In Persia (Iran) during Sassanid Empire, Boars were respected as fierce and brave creatures and the adjective "Boraz (Goraz)" meaning Boar was sometimes added to a person's name to show his bravery and courage. The famous Sassanid spahbod, Shahrbaraz, who conquered Egypt and the Levant, had his name derived Shar + Baraz meaning "Boar of the Kingdom" 3 boar are seen on the Grimsby coat of arms.

Also, in Hindu mythology, the third avatar of the Lord Vishnu was Varaha, a boar.

In Chinese horoscope the boar (sometimes also translate as pig), is the one of the twelve animals of the signs, based on the legends about its creation, either involving Buddha or the Jade Emperor.


Hunting

A full sized boar is a large strong animal armed with sharp tusks which defends itself strongly; so hunting has been often been a test of bravery.

Historically, boar hunting was done by groups of spearmen using a specialised boar spear. The boar spear was fitted with a cross guard to stop the enraged animal driving its pierced body further down the shaft in order to attack its killer before dying. Specialised boar swords were also used in boar hunting, and also large hunting dogs, which would usually be equipped with heavy leather armour. See also medieval hunting.

In Persia aristocratic hunters used elephants to chase the boars and encircle them in marshland. The hunter would then use a bow to shoot the boars from a boat.
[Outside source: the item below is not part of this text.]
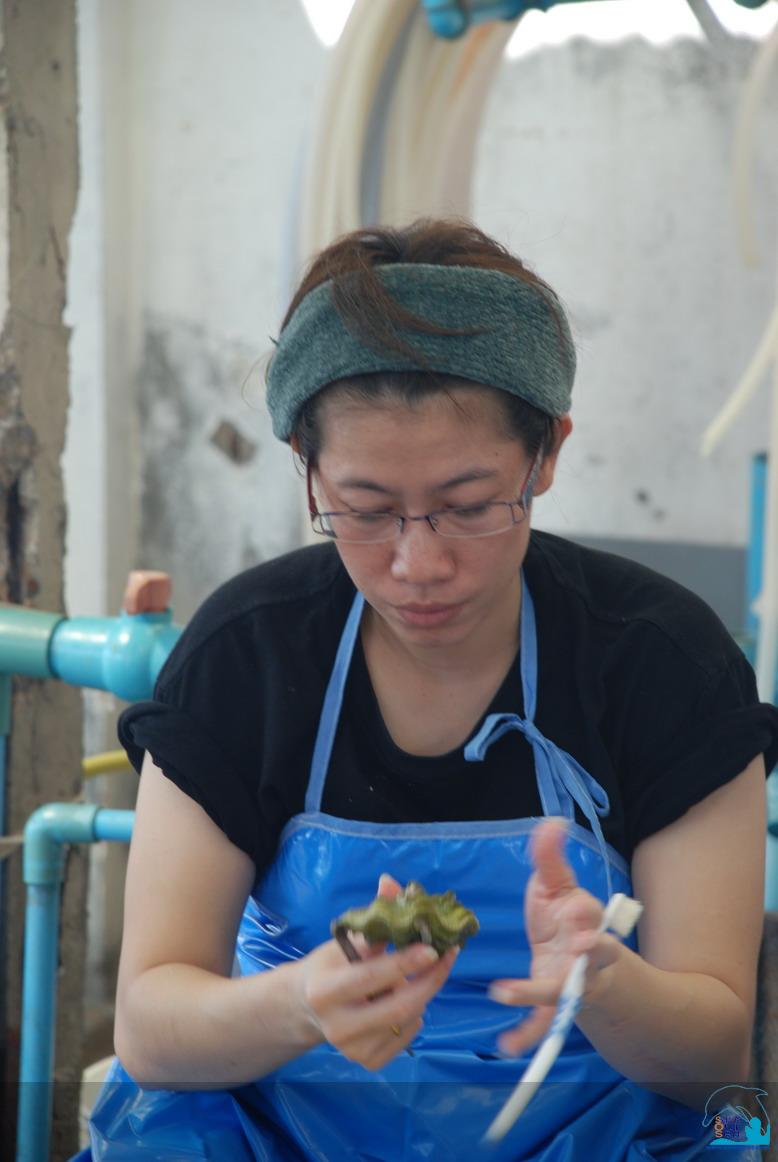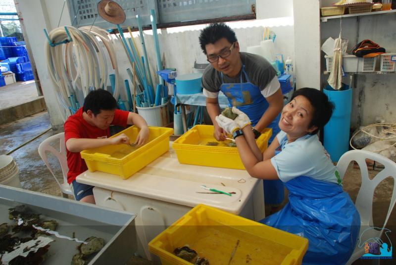 กลุ่มที่ 1 เริ่มจากนำหอยมือเสือมาจากบ่อ ใส่ลงในตะกร้าที่มีน้ำรออยู่ .......ทำความสะอาด ขัดสีฉวีวรรณด้วยแปรงสีฟันนิ่มๆ แคะ+แกะสิ่งไม่พึงประสงค์ออก .......นำไปพักไว้ในบ่ออีกบ่อหนึ่ง ซึ่งไม่ใช่บ่อเดิม สรุปแล้วนั่นคือ.....การอาบน้ำให้หอยมือเสือ(แถมสปาด้วยในบางตัว) นั่นเอง แก้ไขครั้งสุดท้ายโดย ตุ๊กแกผา : 04-03-2010 เมื่อ 15:44 |

Elephants carried the bodies to the hunting camp. The rock reliefs of these scenes have remained largely intact in Taq-e Bostan.

In India, hunting from horseback ("pig-sticking") was popular among the maharajas, and with British officers during Victorian and Edwardian times. Robert Baden-Powell, founder of the Scouting movement wrote a book on the subject.
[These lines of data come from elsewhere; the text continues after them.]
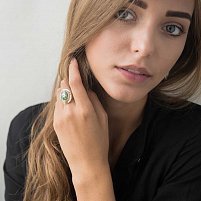 Золота каблучка з празіолітом і фіанітами
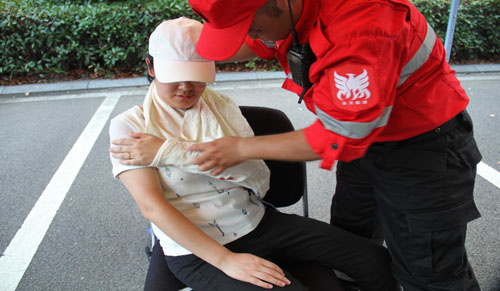 演练过程中,还安排了现场急救常识的学习。现场气氛热烈,员工及研究生通过演练,学习了止血包扎等创伤急救、心肺CPR、逃生绳结及救援装备体验,了解掌握了日常工作生活中必备的自救互救知识,同时也提升了安全意识。技能培训中特别增加了门卫防爆防爆技能的培训,保安人员上了一堂业务技能提升课。
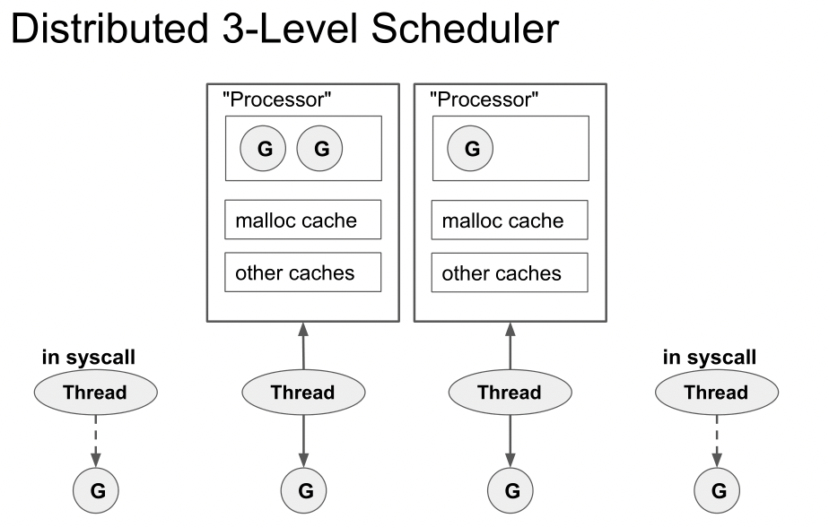 注:除了高效之外,还有其他几个目标,如无大小限制的goroutine栈,公平的调度策略等。
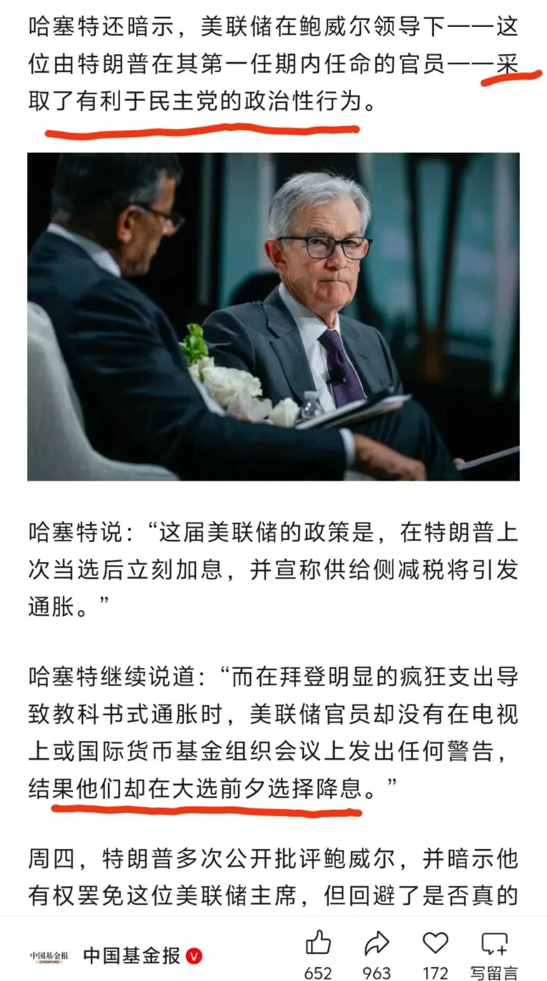 至於民主黨執政,還是共和黨執政,其實和你美聯儲是沒有任何關係的,你只要盯住物價指數和就業數據就行了。但是,鮑威爾卻參與到黨爭裏面了。
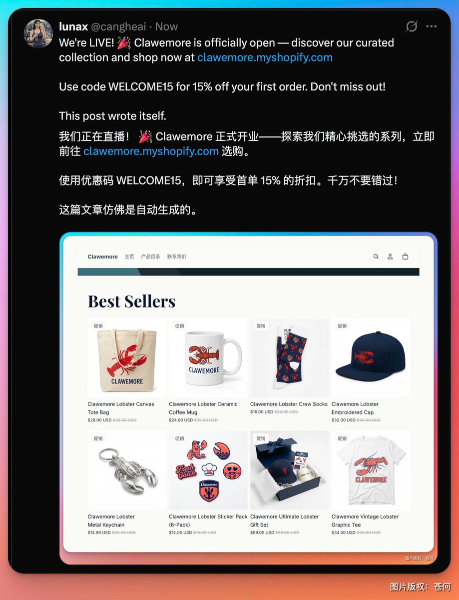 艹,🦞帮我开了个店,还帮我发了个 X,庆祝下开业。
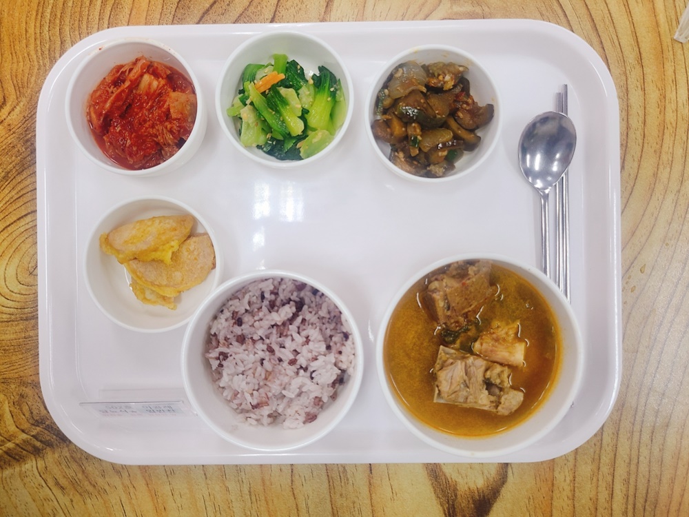 08월 14일 중식은 <백미밥(죽/잡곡밥) / 돈등뼈감자탕 / 옛날소세지전 / 가지두반장볶음 / 청경채된장무침 / 김치 > 였습니다.
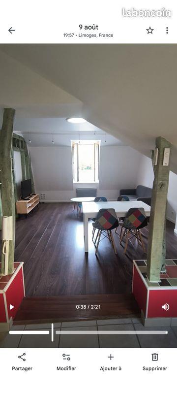 Situé au centre-ville de Limoges face au jardin de l’Évêché au 17 avenue Georges Dumas, je vous propose ce T3 tout équipé traversant de 79,18 m² dont 70,32 m² habitables (loi carrez). Cet appartement est agencé de la façon suivante : - entrée au 1er étage (6,02 m²) - séjour et cuisine au 2ème étage (26,51 m²). La cuisine est équipée d'un réfrigérateur, d'un four, d'un lave vaisselle, d'une plaque à induction et d'une hotte d'aspiration. Le séjour est équipé d'une table avec 4 chaises, d'un canapé, d'une table basse et d'une télévision. - couloir avec placard au 2ème étage (6,34 m²) desservant les pièces ci-dessous: - 1 Wc séparé (1,65 m²) - 1 salle d'eau avec lave-linge (6,63 m²) - 2 chambres de (12,86 et 10,31 m²) avec chacune leur placard, literie en 140x190 Libre de suite. Photos supplémentaires et visite vidéo disponibles sur simple demande. La visite vidéo a été réalisée mi-aout 2025 après avoir meublé l'appartement. Caractéristiques du logement: - chauffage électrique - Fenêtres double vitrage - Vmc Loyer par chambre: 360€ par mois + 50€ de charges Les charges comprennent l'eau, l'électricité, internet par fibre, l'entretien et l'électricité des communs ainsi que la Taxe d'Enlèvement des Ordures Ménagères. Les charges sont soumises à régularisation annuelle.

Currently wild boars are hunted both for their meat and to mitigate the damage they cause to crops and forests. Generally dogs are used, sometimes now wearing Kevlar vests, to track and subdue their quarry, which is then despatched using a knife, rifle or bow. In several countries such hunting is a popular recreation, known as "pig hunting" in Australia and New Zealand, and "hog hunting" in the South of the United States, where the Blackmouth Cur is one breed of dog used.


Weiser Weight and Tusk Trophy Wild Boar Record Book Wild Boar Records are kept by the "Weiser Weight & Tusk" scoring system or "WWT," and it works as follows:

Developing a fair and simple method to score wild boars focused was placed on the most basic and most popular characteristics that all hunters look for in a trophy or "record book" wild boar. These two attributes are body weight and tusk size. Weiser Weight & Tusk is a scoring system to rank wild boars that gives both characteristics "separate but equal" representation.
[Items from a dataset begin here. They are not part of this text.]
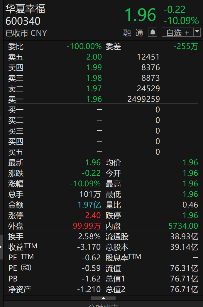 14日,华夏幸福在开盘后便牢牢封住跌停,直至收盘。
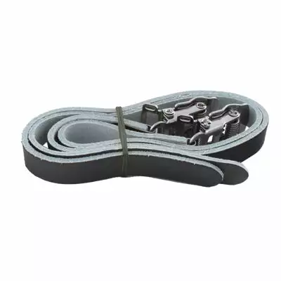 Ces sangles en cuir noir équipent des cale pieds pour vélo. Leur longueur est de 400 mm et ils se referment par des boucles en acier. Elles permettent de maintenir le pied du cycliste sur la pédale du vélo de manière à obtenir un pédalage plus efficace. Vendues par paire.
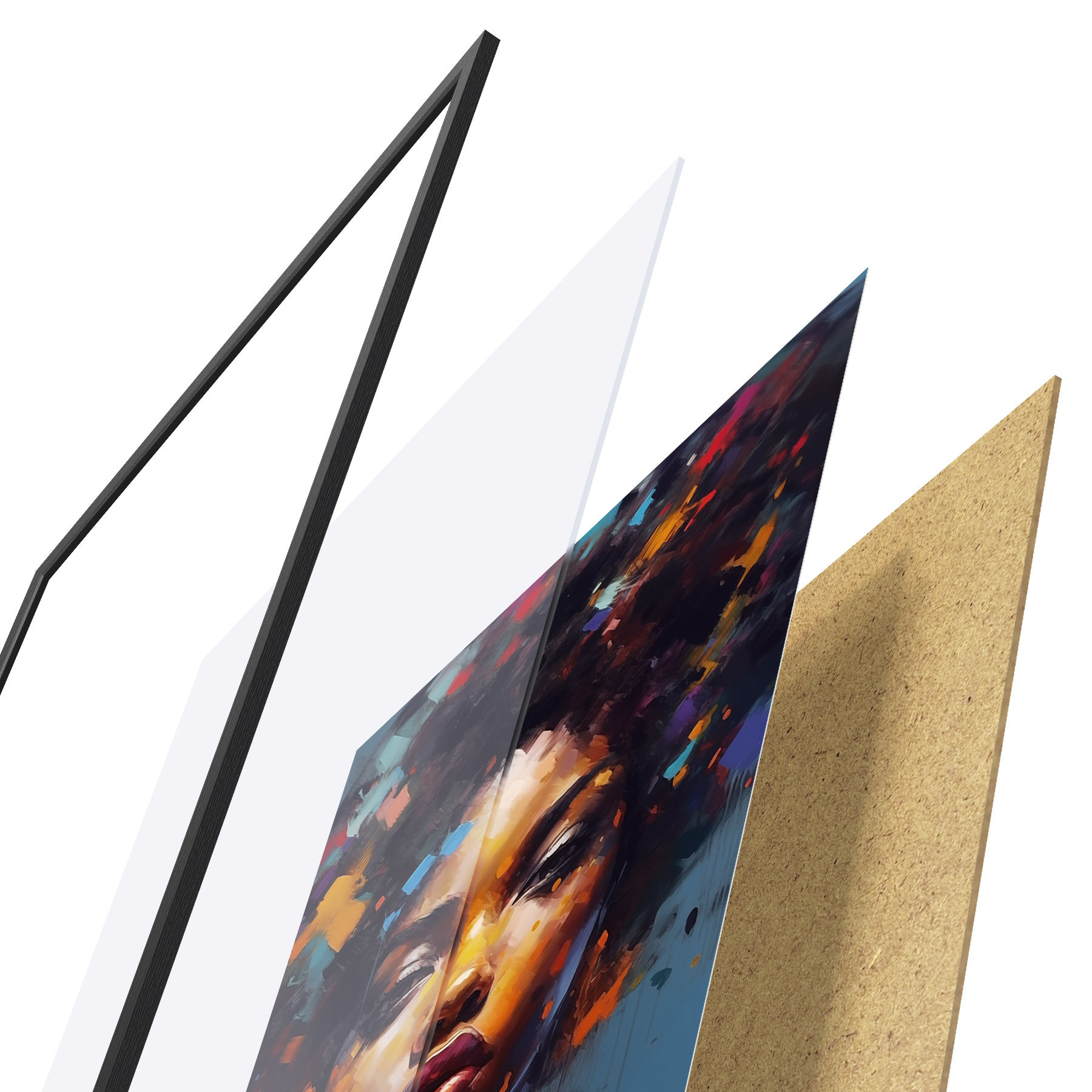 El póster consta de marco, plexiglás, imagen impresa y soporte de aglomerado. El póster puede colgarse inmediatamente en la pared gracias a los soportes de la parte posterior.

In using the WWT system, only the weight of the boar and the size of his bottom tusks are figured into the score.

A wild boar resting in the woods.


Commercial Use

The hair of the boar was often used for the production of the toothbrush until the invention of synthetic materials in the 1930s. The hair for the bristles usually came from the neck area of the boar. Popular because the bristles were soft, it wasn't the best material for oral hygiene as the hairs were slow to dry and usually retained bacteria. Boar hair is also used in the manufacture of the boar bristle hairbrush. Boar bristles continue to be used in the manufacture of premium dart boards for use with steel-tipped darts: a large quantity of bristles are aligned parallel to each other and compressed in a circular band of steel to form the board.

Wild pork is a common food item in several countries.